#### DATA:
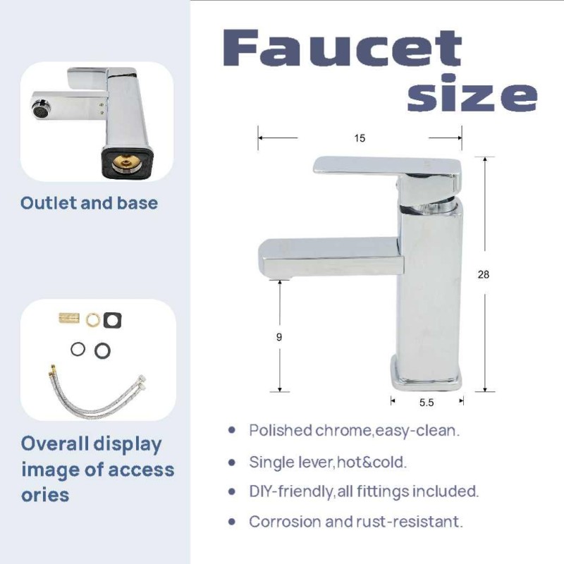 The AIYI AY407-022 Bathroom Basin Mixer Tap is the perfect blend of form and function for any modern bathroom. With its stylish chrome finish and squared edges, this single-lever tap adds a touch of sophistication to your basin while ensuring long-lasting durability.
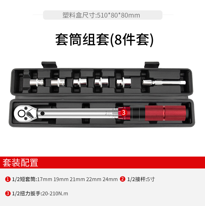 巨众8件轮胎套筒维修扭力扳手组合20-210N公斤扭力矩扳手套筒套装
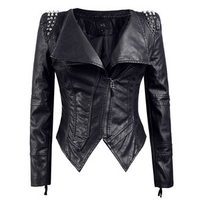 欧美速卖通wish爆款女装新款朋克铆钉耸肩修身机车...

#### YOUR ASSIGNMENT:
Print the complete listing exactly as it stands, without its pictures.

#### TASK SOLUTION:
 The AIYI AY407-022 Bathroom Basin Mixer Tap is the perfect blend of form and function for any modern bathroom. With its stylish chrome finish and squared edges, this single-lever tap adds a touch of sophistication to your basin while ensuring long-lasting durability.
 巨众8件轮胎套筒维修扭力扳手组合20-210N公斤扭力矩扳手套筒套装
 欧美速卖通wish爆款女装新款朋克铆钉耸肩修身机车...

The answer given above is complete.